The resolution honoring Stonewall was one of about 30 “noncontroversial” resolutions on the House’s uncontested calendar last week. These types of rulings are typically heard quickly by representatives without undergoing review by a committee, according to House rules.

The resolutions are common and often have to do with simple matters, like commemorating occasions like donut or milkshake days, or historically significant events like black history month and women’s day, Kenyatta said. Another resolution on last week’s noncontroversial House calendar called for recognizing July 17 as “Hot Dog Day” in Pennsylvania.

Kenyatta said he had gone back and forth on the resolution with Rep. Mike Turzai, the House speaker, after an initial draft was contested. But Kenyatta expected an opportunity to speak about the resolution Friday after rewriting the resolution and consulting with Turzai earlier in the week.

Kenyatta was then told minutes before the end of Friday’s session that his resolution was being newly anonymously contested and he would not be called to speak on it, he said.

But while other House members moved to correct votes or enter items into the record after the meeting, Kenyatta took up a microphone to mention the resolution.

“Unfortunately we could not get a resolution honoring the 50th anniversary of Stonewall, but I would like to say 50 years ago started a movement for the LGBT rights in this country because two transwomen of color stood up and said enough is enough,” video of Friday’s House session shows Kenyatta saying. “Their actions changed the course of history.

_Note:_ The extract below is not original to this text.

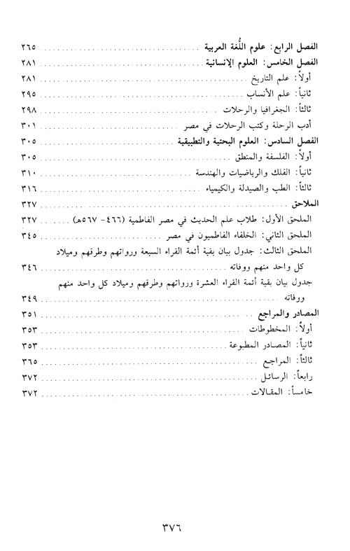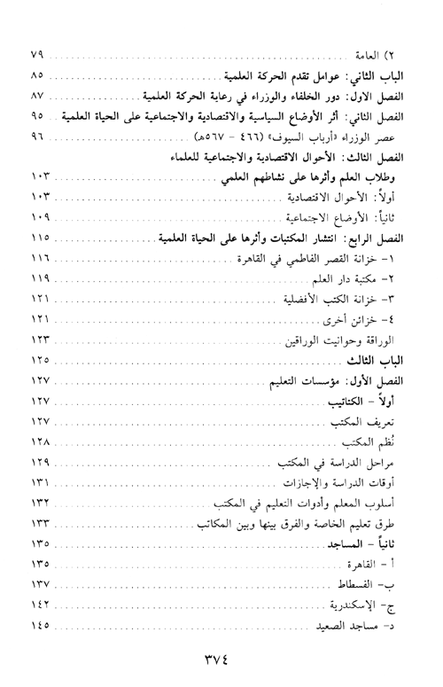 وخصص الباب الثاني لدراسة "عوامل تقدم الحركة العلمية في هذه حقبة". وقسمت هذا الباب إلى أربعة فصول تناول الفصل الأول ...دور الخلفاء والوزراء في رعاية العلم والعلماء وإنشاء المؤسسات التعليمية. أما الفصل الثاني فتناول أثر المتغيرات السياسية والاقتصادية والاجتماعية على توجهات الحركة العلمية وآثارها في تقدم أو تراجع عدد من الميادين العلمية ومحاولة تفسير ذلك. وتناول الفصل الثالث "أحوال العلماء الاقتصادية ومكانتهم الاجتماعية"، أما الفصل الرابع فوصف خزائن الكتب العامة والخاصة في مصر في هذه الحقبة.

So on today, that 50th anniversary, I would like to honor that legacy, honor Stonewall and keep fighting for a more fair Pennsylvania and country.”

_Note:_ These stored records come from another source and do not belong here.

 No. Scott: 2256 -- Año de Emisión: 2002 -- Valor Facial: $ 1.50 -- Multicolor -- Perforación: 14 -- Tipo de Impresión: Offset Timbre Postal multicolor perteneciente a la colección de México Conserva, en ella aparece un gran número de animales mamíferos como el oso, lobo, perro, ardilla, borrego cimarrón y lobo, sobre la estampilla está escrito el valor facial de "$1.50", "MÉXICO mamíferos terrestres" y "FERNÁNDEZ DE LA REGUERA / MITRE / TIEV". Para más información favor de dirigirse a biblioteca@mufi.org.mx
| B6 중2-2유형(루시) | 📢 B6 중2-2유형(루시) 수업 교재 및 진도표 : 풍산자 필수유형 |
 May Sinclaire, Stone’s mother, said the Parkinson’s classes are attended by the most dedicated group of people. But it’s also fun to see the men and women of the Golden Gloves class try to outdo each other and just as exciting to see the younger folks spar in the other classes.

Kenyatta told PGN on Monday that he brought the resolution to the House’s attention because he “thought it was important for the record on the actual day” of Stonewall.

“I’m not going to be silenced from acknowledging our history and acknowledging two black transwomen who started this movement,” Kenyatta told PGN. “Particularly at a time where black transwomen are being murdered yet again at historic rates.”

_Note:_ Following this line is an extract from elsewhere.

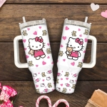 Valentine Cartoon Hello Kitty Teddy 30oz or 40oz Tumbler, Gift Valentine Tumbler, Valentine Movie 40oz Quencher Tumbler Fan Gift HFN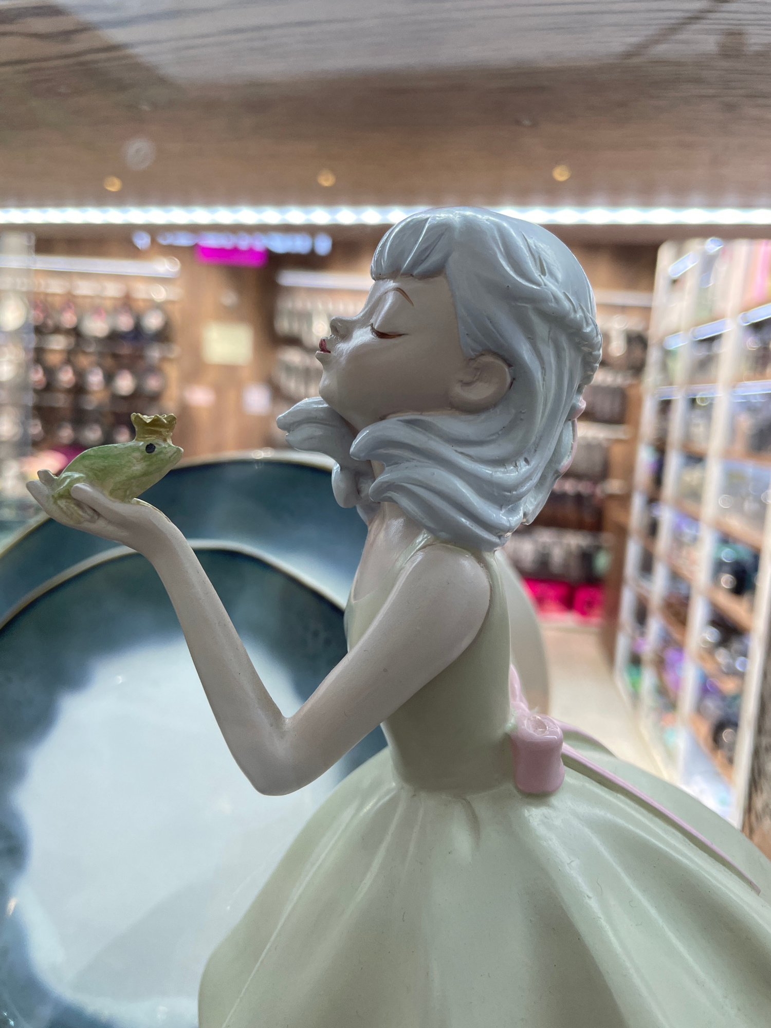 A porcelain figurine of a girl holding a frog is displayed in a glass cabinet. The girl has white hair and a pale yellow dress with a pink bow. She is looking down at the green frog she holds in her h…read more

Last week, the final one before the Republican-controlled state legislature adjourned for summer, was dedicated to the House solidifying a $34 billion state budget for the 2019-20 fiscal year, which started July 1.

Christine Goldbeck, director of communications to the House speaker, said it is typical for the House to not bring up resolutions during budget week and it had “nothing to do with the subject” of the memorandum.

“When [resolutions] become something where we have to spend a historic amount of time, perhaps it’s time to revisit your policy and do better,” she said, adding, “If you’ve got 50 resolutions and 30 budget bills, it’s just a matter of keeping the focus of the legislature on budget week.”

Turzai told Kenyatta last week that, moving forward, he would instate a policy that all resolutions — noncontroversial or otherwise — would be reviewed by a committee during budget week, Kenyatta said. But this has historically been a common practice in the House, Goldbeck said.

Not having the Stonewall resolution heard in the House on the 50th anniversary of the riots was the “height of ridiculousness” and “speaks to the level of vitriol that people have towards our community in the House,” Kenyatta told PGN.

While the Stonewall resolution will not move forward, Kenyatta has bigger plans for the 51st anniversary next year.

“I’m actually going to push forward with trying to get a state holiday for Stonewall, to have Stonewall Day in Pennsylvania,” he said. “Let’s have this fight again.”